How am I? How's the new place? Am I doing well? In short, yes, I am well and the new place is good. Portland is a great city to live in, my living situation is working out, and I'm staying busy with both work and play. I'm getting confident on my bike and learning which roads are bike-friendly. I'm growing a tougher skin against the rain. I'm sampling a variety of brunch restaurants. Have I mentioned how insane brunch is in Portland? People here are nuts about brunch. It's crazy. I'm talking hour-long waits at some places. But, brunch is something I am 100% willing to wait for. Brunch is the Merlin of meals. King Arthur is lunch, like a solid soup & sandwich combo. Guinevere is after-work drinks. Lancelot is the app sampler at Applebee's. But Merlin--Merlin is the glorious magic that is brunch.

Guys. Do you ever feel stuck between your present and your future? I am putting in a conceded effort to participate, contribute, say "yes!" to invitations and opportunities. Even though Portland isn't exactly what I thought it would be, I am grasping it by the horns and taking it in. I suppose I could try harder to meet "native" Portlanders (read: Californians who've been here for 4+ years who deny that they play into the Cali-migrant stereotype) but I feel fairly comfortable with the group of peers I have at the moment. Anyway, in addition to Portland life, I'm wondering what's next. Where am I going? How can I do what I love and make money? How am I going to shape this next phase of my life? How can I be near the people I care about and still follow my dreams? 

Something I've realized since being here is that I have to do the things I want to do. I know that sounds stupid, but it's true. In college, I wanted to be a writer, but I hardly ever read (outside of class) or wrote. After graduating I started reading again. In Nice I wrote occasionally but didn't make it a priority. Now when I have a free moment, I'm like, "I should be writing right now." I want to make YouTube videos and be consistant in the content I create and upload (and now that I have a room of my own, I can do that again!). I want to build community around reading and writing, and I started the Writer's Forum MeetUp group, which is a good start. I don't know. I don't know if any of these things will lead to a job or career, but the compulsion to make something and share it is there, and I'm going to ride it and see where it takes me.

Currently I'm listening to Amanda Palmer read her book, The Art of Asking, on audiobook and holy 'effing poo, read it. Something I have a difficult time admitting, or proudly proclaiming, is that I'm an artist. I am. I have to make things. And I have to share these things with others. (Not everything. Lol. Some things no one will ever see.) Amanda talks about asking people to believe you, as an artist. 


Rarely do people look you straight in the eye and see you. Part of an artist's job is to create situations or environments in which those eye-lock moments can happen. To connect the dots. 

This was a Poet — It is That
Distills amazing sense
From ordinary Meanings —
And Attar so immense

From the familiar species
That perished by the Door —
We wonder it was not Ourselves
Arrested it — before —

Emily Dickinson explains that a poet (or artist in general) creates this concentrated bit of meaning out of the "ordinary"--something imperceptible that the artists brings to life--and the audience is like, "Whoa, bessie! I've totes-bagoats felt that way before. Thanks for showing me my own feeling/experience." When that happens--when there is a tangible exchange between a creator's creation and its audience--that moment is what I'm after.
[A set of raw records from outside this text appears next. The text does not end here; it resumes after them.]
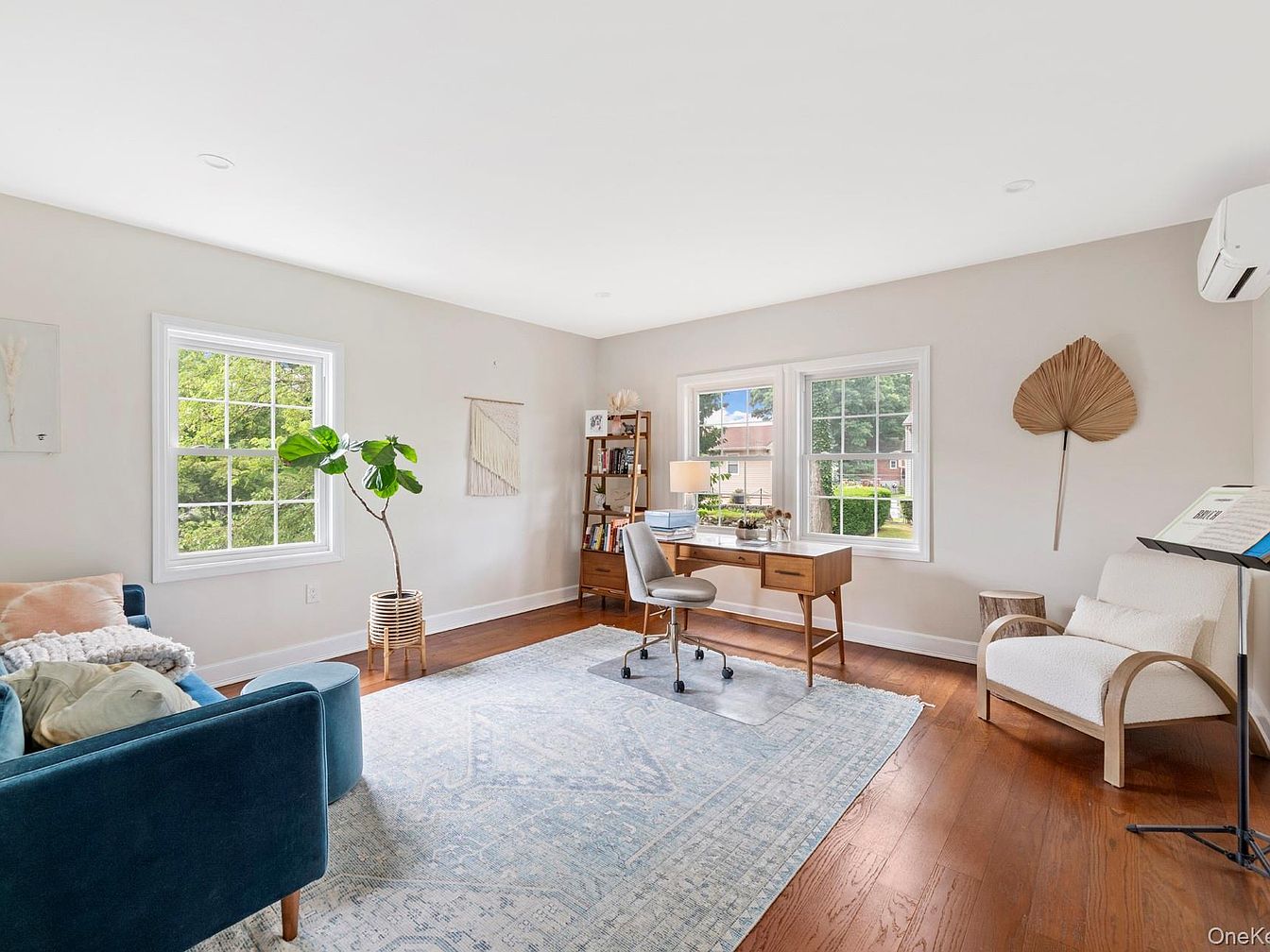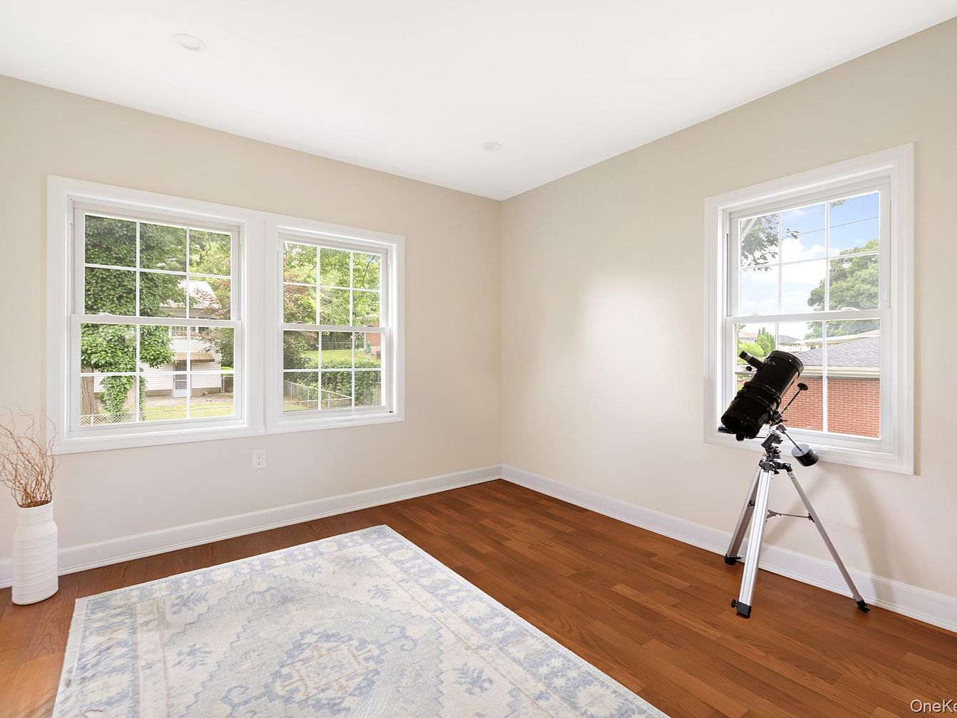 This spacious attic features a sloped ceiling that adds character and openness. The walls are painted in a soft cream color, enhancing light reflection. Natural light floods the area through two well-placed double-hung windows, framing views of greenery. The warm, honey-toned hardwood floor complements the wall color and adds a cozy touch. A modern white door with a sleek design introduces an element of contrast. Recessed lighting installed in the ceiling provides ample illumination, creating a bright and inviting environment perfect for a versatile use, such as a home office, playroom, or additional storage.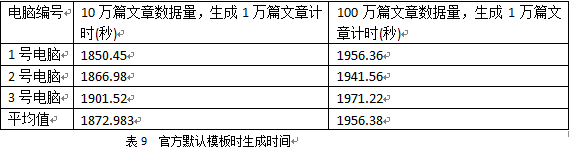 2)使用一个官方默认提供的模板(除了含有文章的标题、作者、更新时间、内容等,还有相关文章、推荐文章、热门文章等标签),生成1万篇文章计时。模板的前台显示效果见下图: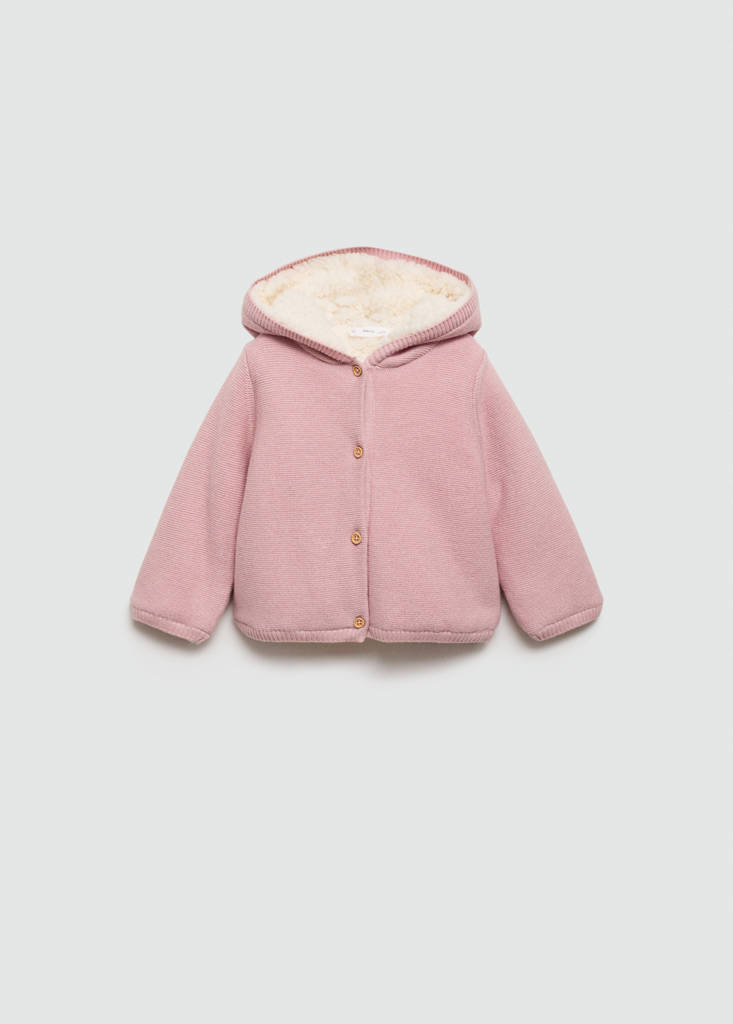 Cárdigan punto interior borreguitoPrecio actual [US$ 39.99 ]US$ 39.99Selecciona un colorRosaSelecciona tu talla1-3 meses (62cm)No disponible ¡Lo quiero!3-6 meses (68cm)No disponible ¡Lo quiero!6-9 meses (74cm)No disponible ¡Lo quiero!9-12 meses (80cm)No disponible ¡Lo quiero!12-18 meses (86cm)No disponible ¡Lo quiero!18-24 meses (92cm)No disponible ¡Lo quiero!MedidasAvísameAñadir a FavoritosVer lookEnvío gratis a tiendaTejido con algodón. Diseño recto. Interior de borreguito. Manga larga. Capucha con detalle de orejitas. Cierre delantero con botonesDetalles, composición y cuidadosDisponibilidad en tiendaCualidades del artículoAlgodón recicladoAl menos 20%Esta fibra se obtiene a partir de restos textiles pre y post consumo que se transforman en nuevos tejidos.

But money is a thing. Woo hoo!

If you want to see more of me, feel free to check out my latest YouTube videos! I recently did a video blog (vlog) where I take you around Portland for a day:


Here are some photos:

Cookies & Christmasy drinks party with friends

Portland being festive 
(despite the current war on Christmas)


Snack one of my girls I babysit made <3

I hope everyone has a very merry Christmas and holiday time and that 2016 knocks everybody's socks off in the best way. Love, love, love.